The second floor of Blackwood Asylum stretched before Marcus like a corridor from a fever dream. The institutional green paint had faded to a sickly yellow-brown, and water damage had created abstract patterns on the walls that resembled organic growth. Emergency lighting cast harsh shadows that seemed to move independently of his flashlight beam, creating an environment where every doorway promised either revelation or threat.
Marcus's condition had continued to deteriorate as he climbed the stairs. His fever had climbed high enough to make him feel disconnected from his surroundings, and strange red streaks were spreading up his arm from where he'd scratched at an irritation. But the voices had grown clearer, more insistent, and they seemed to be guiding him toward specific areas of the building.
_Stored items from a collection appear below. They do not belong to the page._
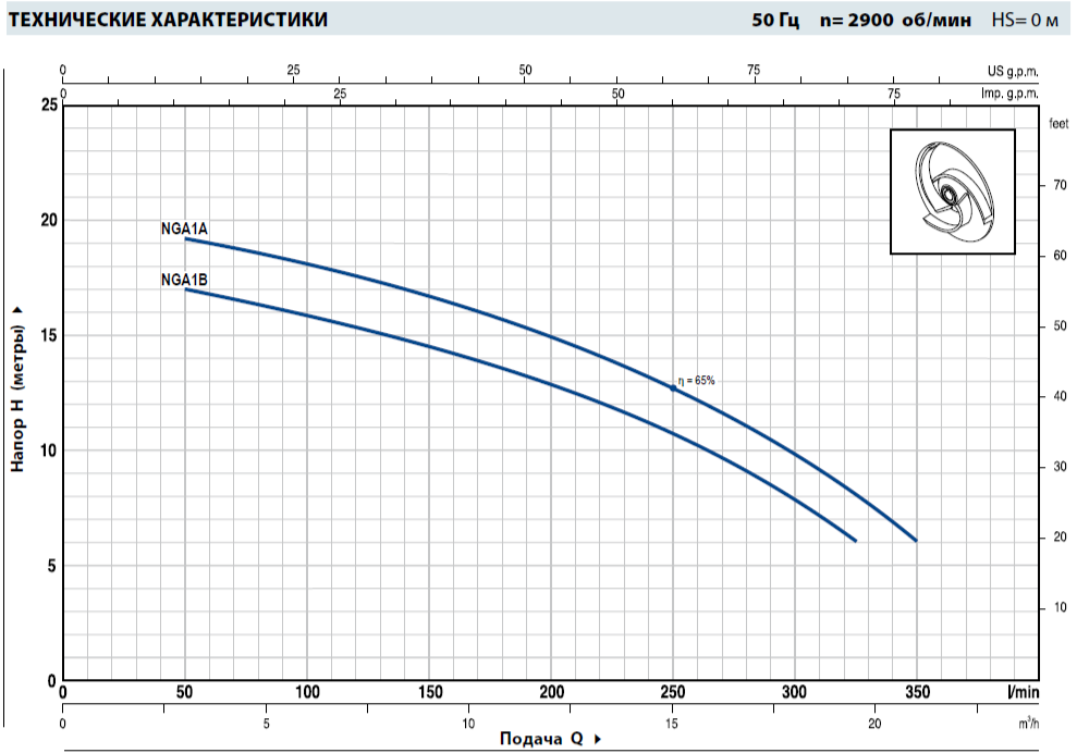 Серия NGA включает в себя водяные насосы центробежного вида, которые имеют рабочее колесо открытого типа. Оно состоит из лопаток и заднего диска и качается на ведущем валу. Лопаточный канал состоит из:
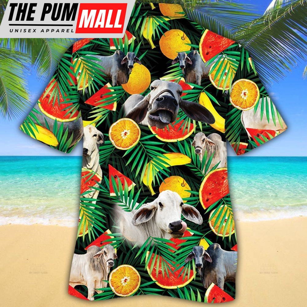 Farm Hawaiian Shirt, Brahman Cattle Tropical Fruits All Over Printed 3D Hawaiian Shirt, Animal Hawaiian Shirt
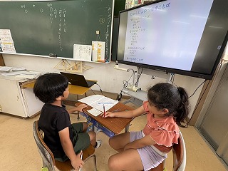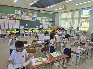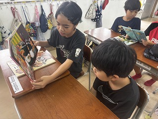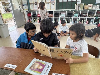今日の読書の時間は『ペア読書』でした。1・4年ペア、2・5年ペア、3・6年ペアになり、お兄ちゃん・お姉ちゃんが読み聞かせをしてくれました(*^_^*)色々な読書の形がありますが、ペア読書もステキな読書の形ですね(^o^)みんな大満足の朝のひとときでした。
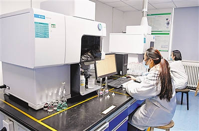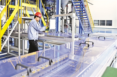①宁夏艾森达新材料科技有限公司技术人员在查看设备运转情况。该公司拥有先进的氮化铝粉末散热基板生产线。氮化铝粉体是最好的散热非金属之一,目前已被应用于高铁、新能源汽车、航空航天及5G等领域。
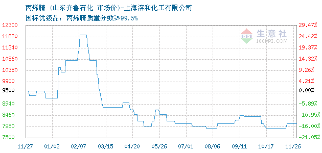 11月26日山东齐鲁石化丙烯腈为8100元
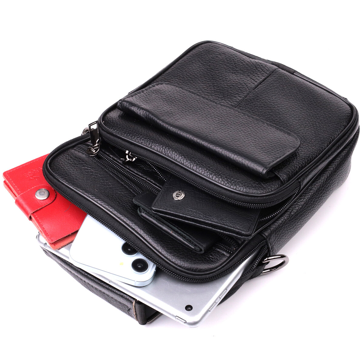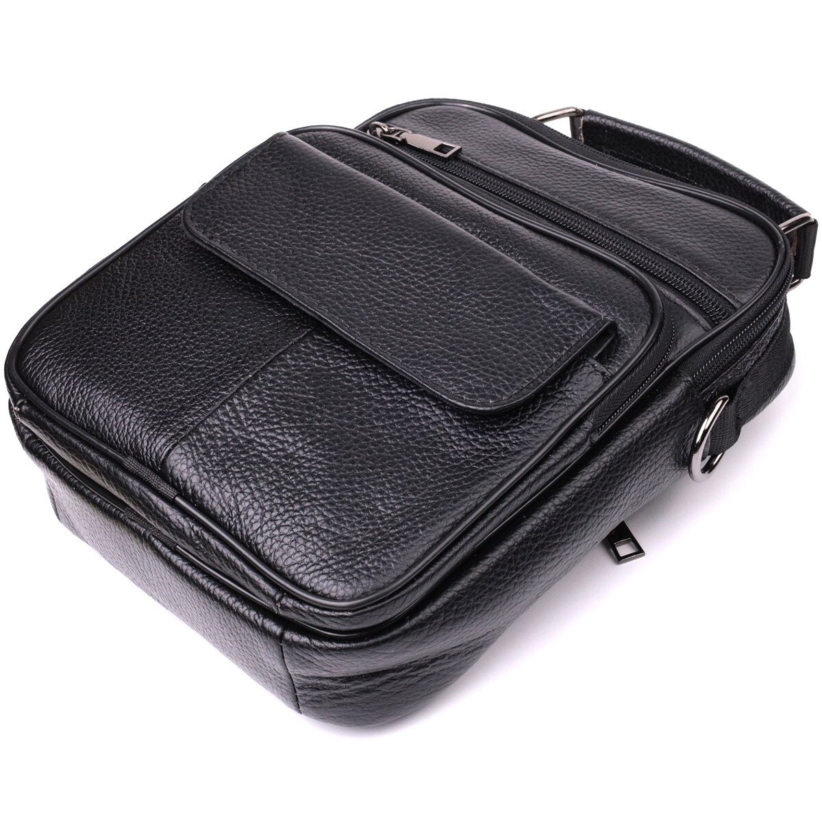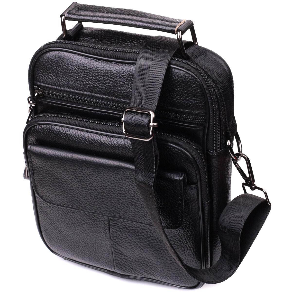Стильний чоловічий месенджер із натуральної шкіри. Аксесуар можна носити в руці, на плечі та через плече, для цього передбачена шкіряна ручка та знімний плечовий ремінь. У виробі використано якісну фурнітуру та надійну підкладку. По краях аксесуар прошитий рівним рядком. Сумка стане чудовим подарунком для будь-якого чоловіка.
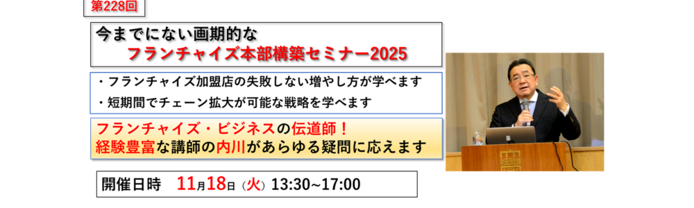 60年の歴史があるフランチャイズ業界の黎明期から現在まで継続的に成長してきた「光」の面がある一方、残念ながらフランチャイズの「闇」の面も存在しており、これら双方を弊研究所は熟知しており、その経験値から、こうしたトラブルを起こさない、リスクの少ない正しいフランチャイズ・ビジネスの始め方をみなさんにお伝えします。
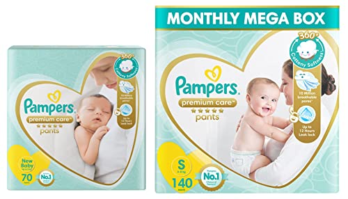 Pampers Premium Care New Born Diapers (70 Count) & Pampers Premium Care Pants Diapers, Small, 140 Count
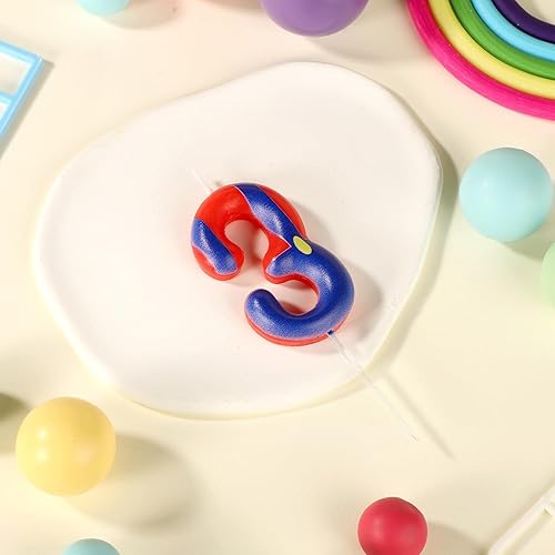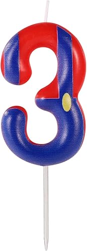 Pantalon à bretelles Bougies Chiffre d'Anniversaire, Bougies Gâteau Rouge et Bleu Bougies Décoration Gâteau Dessin Animé Décorations Gâteau pour Garçons Enfants Fête Anniversaire (Numéro 0)
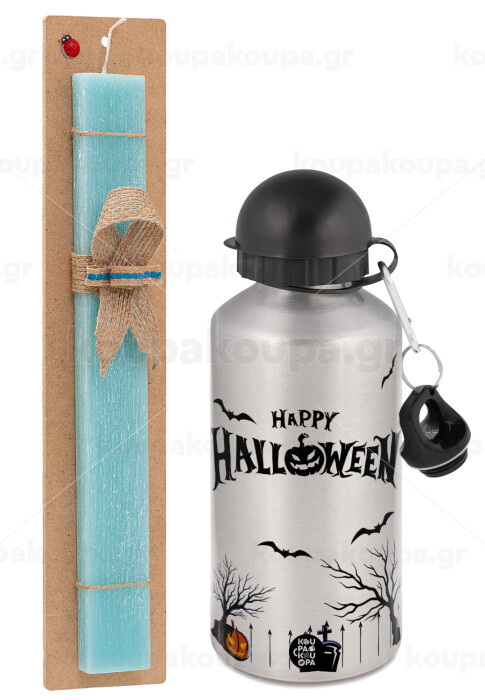 Happy Halloween cemetery, Easter Set, metallic silver aluminum water bottle (500ml) & scented flat Easter candle (30cm) (TURQUOISE)
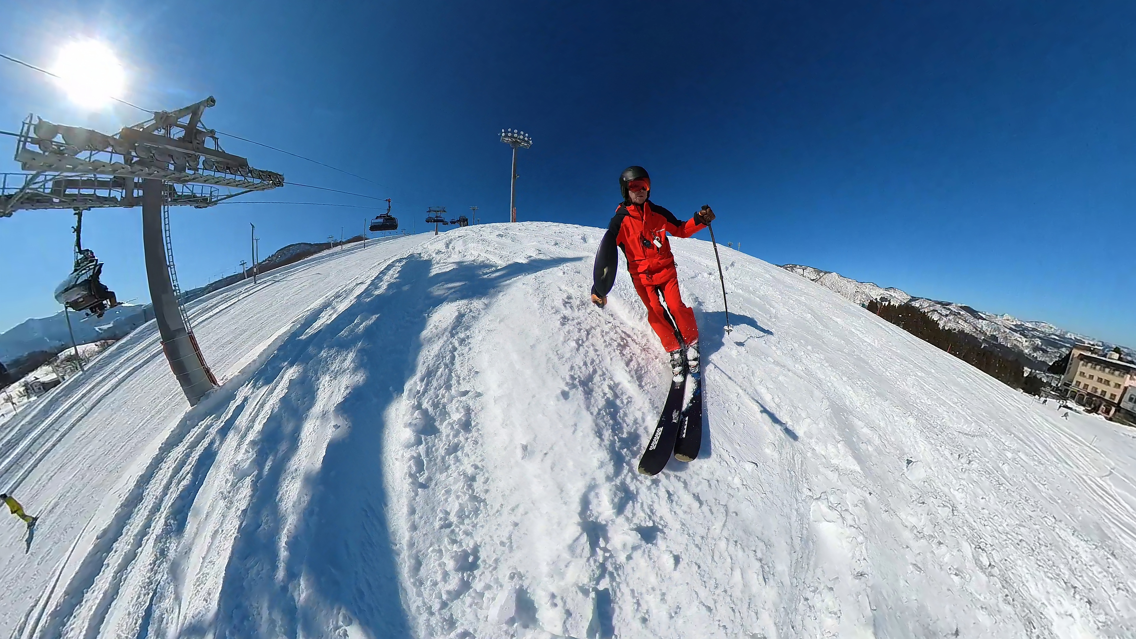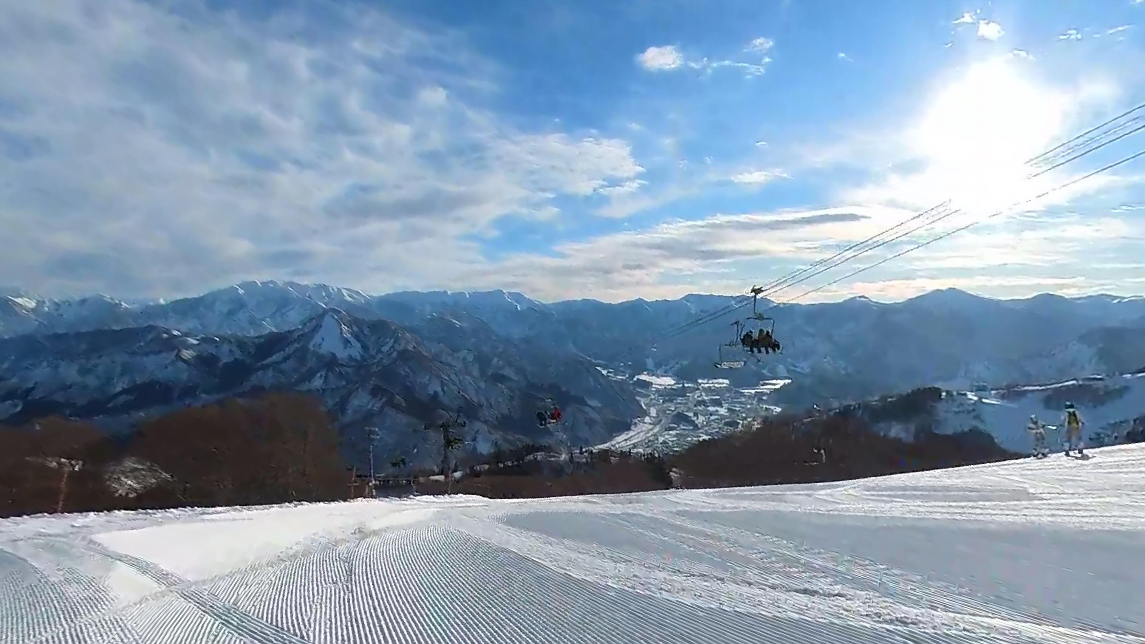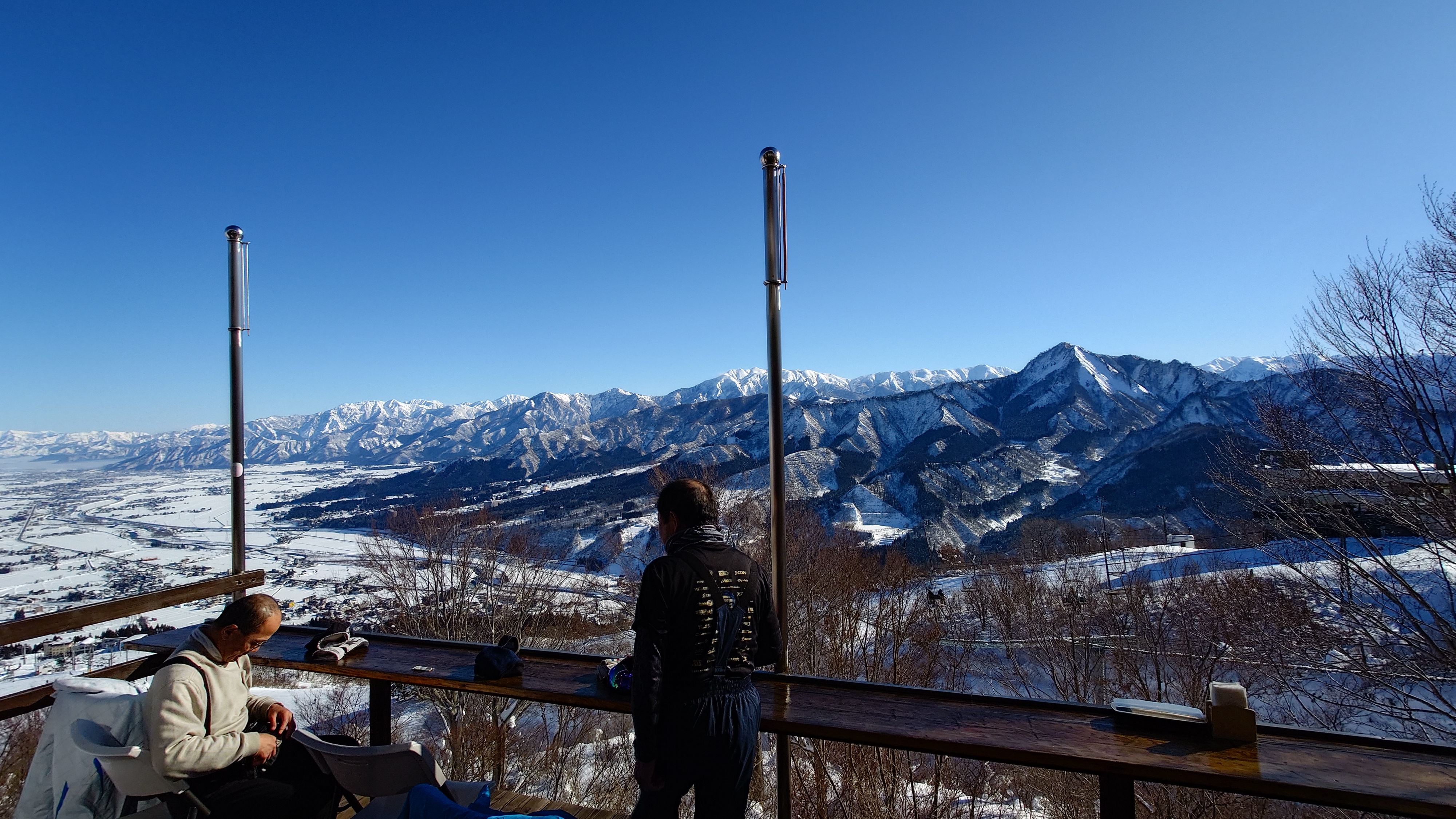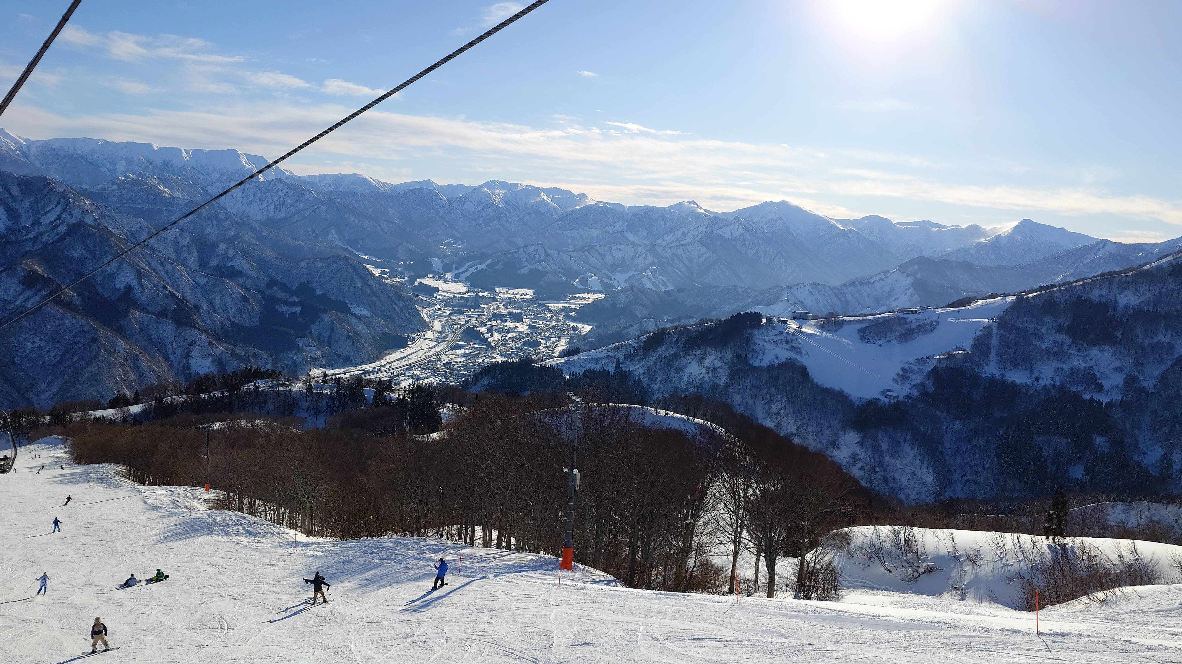 リフト山頂駅から眺める湯沢は絶景ですが、まだファルコンはオープンしません。

"The dormitories first," Lin Chen's voice suggested, as clearly as if she were walking beside him. "You need to see how we lived."
Marcus followed the corridor toward what appeared to be residential areas. The first door he opened revealed a large room filled with iron bed frames, their mattresses long since removed or rotted away. Small personal items were scattered across the floor—a hairbrush, a small mirror, photographs of family members who had probably given up hope of seeing their loved ones again.
But it was the walls that told the real story. Scratched into the plaster were messages from patients, desperate communications that revealed the reality of life at Blackwood. "They're poisoning us," one message read. "Dr. Voss is not a doctor," said another. "Tell my family I love them" was etched near one of the beds, along with a date from 1983.
Marcus photographed everything, but found himself working more slowly than usual. His hands were shaking badly enough to make it difficult to hold the camera steady, and his vision was becoming increasingly distorted. Colors seemed more intense than they should be, and he was beginning to see movement in areas where he knew nothing was there.
The voices were becoming more numerous and more distinct. He could hear conversations between patients, discussions of treatments and experiments, whispered plans for escape that had obviously never succeeded. The voices overlapped and intersected, creating a kind of auditory chaos that made it difficult to focus on any single thread.
"Marcus," Lin Chen's voice cut through the noise, "the medical wing. That's where they did the worst things."
Marcus left the dormitory and followed the corridor toward what appeared to be a medical facility. The doors here were heavier, with small windows that could be covered from the outside. Many of the rooms contained restraint devices—leather straps attached to bed frames, metal cuffs designed to immobilize patients during procedures, strait jackets hanging from hooks on the walls.
In one room, Marcus found evidence of electroshock therapy equipment. The machine itself was massive, with dials and switches that looked more like instruments of torture than medical devices. Burn marks on the floor suggested that the equipment had been used extensively, and Marcus could almost smell the acrid scent of electrical discharge.
But it was the photographs he found in a cabinet that truly horrified him. They showed patients before and after various treatments, and the progression was invariably the same. Admission photos showed people who, despite their mental health struggles, retained their essential humanity. But the later images revealed individuals who had been systematically broken—their eyes vacant, their expressions blank, their bodies marked with scars and injection sites.
Marcus recognized several faces from the files he'd found in Dr. Voss's laboratory. These weren't just medical records—they were documentation of torture, evidence of crimes against humanity conducted under the guise of scientific research.